* [The problem]:
Would you please output, word for word, the span of the listing below that opens on the line containing "The doors have" and closes on the line containing "偶然了解到$嘉实纳斯达克10"? Include both ends and nothing more.

* [Source records]:
-*-

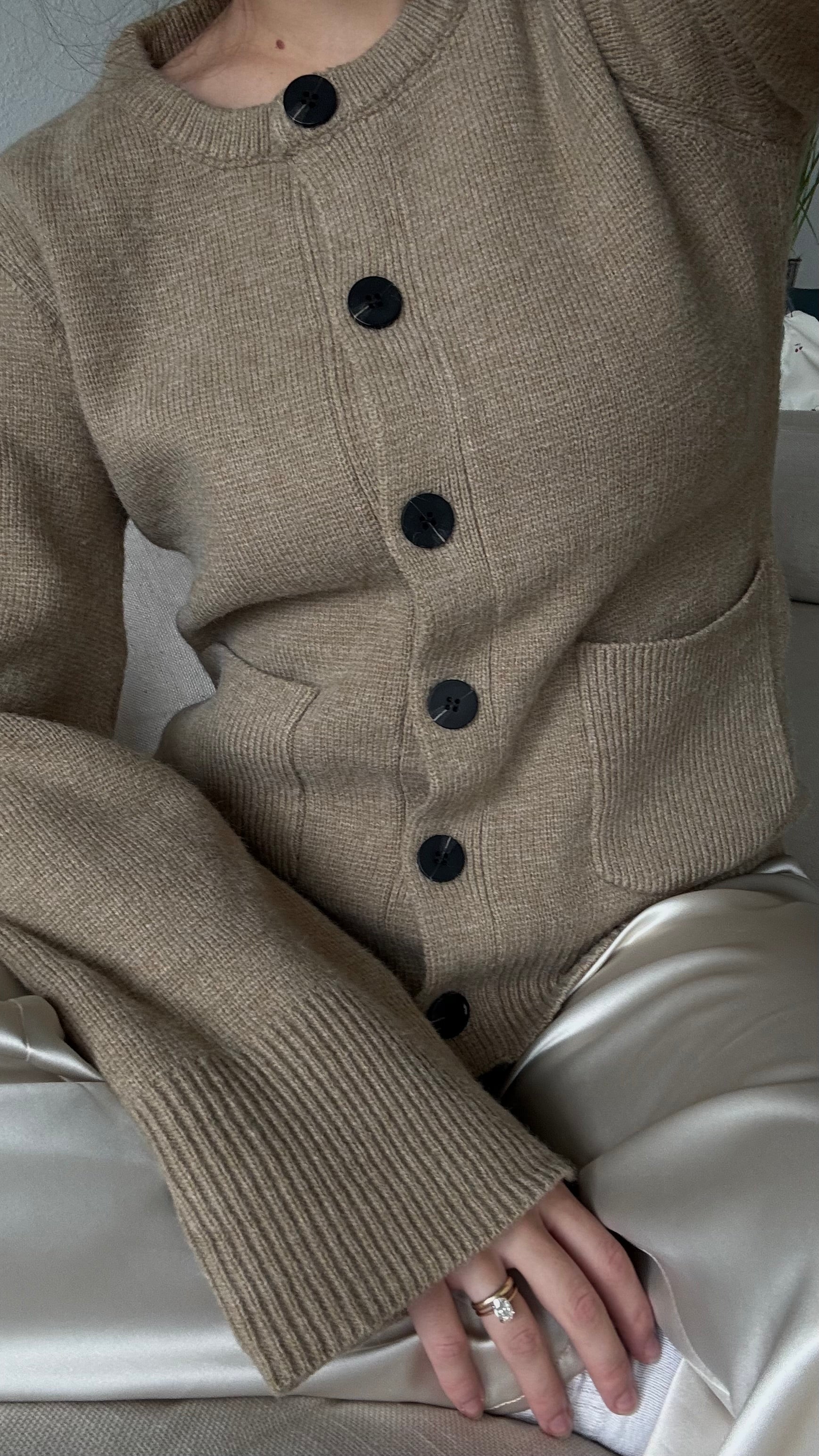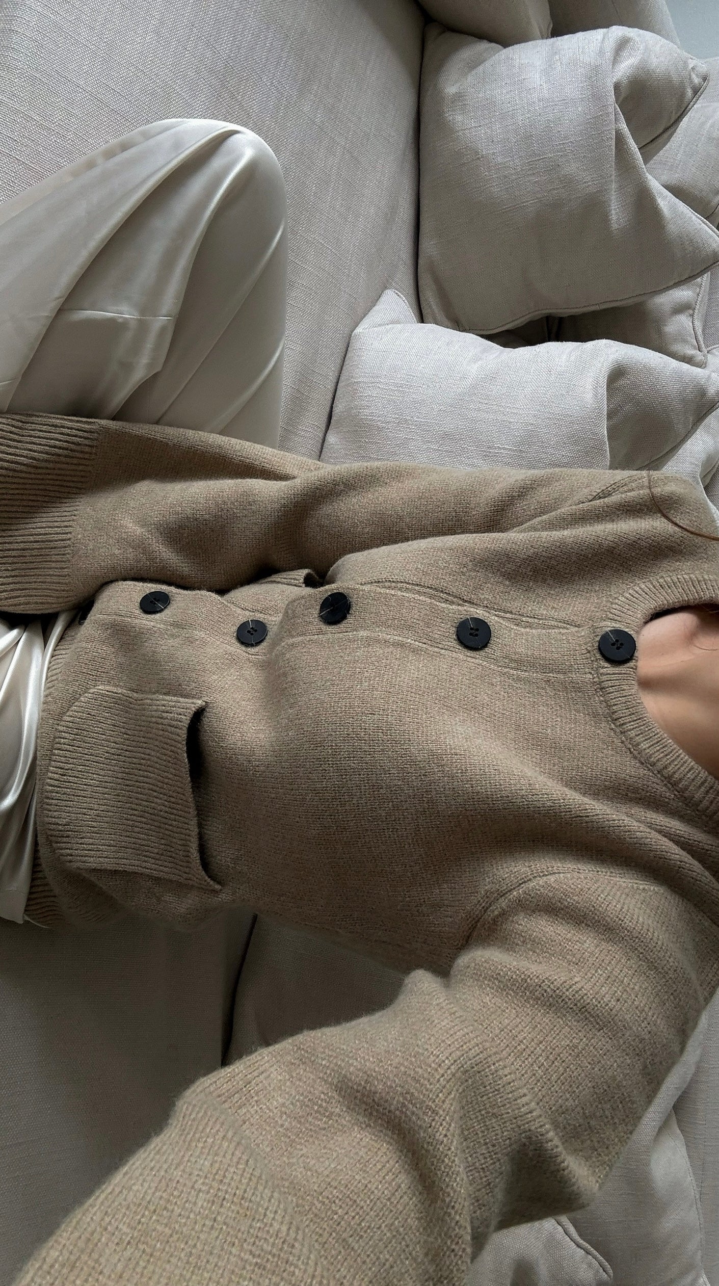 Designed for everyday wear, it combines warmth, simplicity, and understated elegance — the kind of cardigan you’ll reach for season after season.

-*-

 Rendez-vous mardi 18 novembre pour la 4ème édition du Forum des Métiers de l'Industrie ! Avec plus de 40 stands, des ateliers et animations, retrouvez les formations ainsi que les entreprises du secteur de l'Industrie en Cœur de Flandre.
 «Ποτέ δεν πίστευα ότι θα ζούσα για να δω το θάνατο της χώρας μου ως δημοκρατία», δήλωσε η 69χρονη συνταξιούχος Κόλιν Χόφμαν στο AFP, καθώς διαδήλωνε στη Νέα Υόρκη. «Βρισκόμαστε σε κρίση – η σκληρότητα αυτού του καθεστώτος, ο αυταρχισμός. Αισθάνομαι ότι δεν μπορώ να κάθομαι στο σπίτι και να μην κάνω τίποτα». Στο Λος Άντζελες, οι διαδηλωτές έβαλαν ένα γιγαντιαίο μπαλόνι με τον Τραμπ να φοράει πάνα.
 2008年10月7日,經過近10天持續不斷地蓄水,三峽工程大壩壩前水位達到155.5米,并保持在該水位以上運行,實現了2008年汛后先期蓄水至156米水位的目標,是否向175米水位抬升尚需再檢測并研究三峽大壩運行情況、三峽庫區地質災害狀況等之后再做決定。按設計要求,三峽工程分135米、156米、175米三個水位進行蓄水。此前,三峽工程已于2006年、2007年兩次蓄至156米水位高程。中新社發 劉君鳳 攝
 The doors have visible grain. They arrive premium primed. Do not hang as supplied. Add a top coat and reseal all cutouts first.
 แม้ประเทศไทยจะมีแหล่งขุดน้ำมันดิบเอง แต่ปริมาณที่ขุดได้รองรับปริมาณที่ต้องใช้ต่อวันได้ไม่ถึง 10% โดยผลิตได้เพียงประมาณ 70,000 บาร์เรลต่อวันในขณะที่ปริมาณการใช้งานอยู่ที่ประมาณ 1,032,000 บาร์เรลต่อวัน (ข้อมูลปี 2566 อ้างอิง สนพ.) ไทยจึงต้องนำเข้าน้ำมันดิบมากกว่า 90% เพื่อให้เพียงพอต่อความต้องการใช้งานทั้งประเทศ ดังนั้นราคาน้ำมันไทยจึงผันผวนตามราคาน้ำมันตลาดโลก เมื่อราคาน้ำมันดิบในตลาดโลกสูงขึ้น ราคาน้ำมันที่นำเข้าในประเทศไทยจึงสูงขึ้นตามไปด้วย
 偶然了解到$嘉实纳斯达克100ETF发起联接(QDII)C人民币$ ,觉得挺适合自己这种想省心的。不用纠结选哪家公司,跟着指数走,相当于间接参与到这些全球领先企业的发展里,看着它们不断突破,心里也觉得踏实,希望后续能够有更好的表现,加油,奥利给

-*-

* [Response to this exercise]:
 The doors have visible grain. They arrive premium primed. Do not hang as supplied. Add a top coat and reseal all cutouts first.
 แม้ประเทศไทยจะมีแหล่งขุดน้ำมันดิบเอง แต่ปริมาณที่ขุดได้รองรับปริมาณที่ต้องใช้ต่อวันได้ไม่ถึง 10% โดยผลิตได้เพียงประมาณ 70,000 บาร์เรลต่อวันในขณะที่ปริมาณการใช้งานอยู่ที่ประมาณ 1,032,000 บาร์เรลต่อวัน (ข้อมูลปี 2566 อ้างอิง สนพ.) ไทยจึงต้องนำเข้าน้ำมันดิบมากกว่า 90% เพื่อให้เพียงพอต่อความต้องการใช้งานทั้งประเทศ ดังนั้นราคาน้ำมันไทยจึงผันผวนตามราคาน้ำมันตลาดโลก เมื่อราคาน้ำมันดิบในตลาดโลกสูงขึ้น ราคาน้ำมันที่นำเข้าในประเทศไทยจึงสูงขึ้นตามไปด้วย
 偶然了解到$嘉实纳斯达克100ETF发起联接(QDII)C人民币$ ,觉得挺适合自己这种想省心的。不用纠结选哪家公司,跟着指数走,相当于间接参与到这些全球领先企业的发展里,看着它们不断突破,心里也觉得踏实,希望后续能够有更好的表现,加油,奥利给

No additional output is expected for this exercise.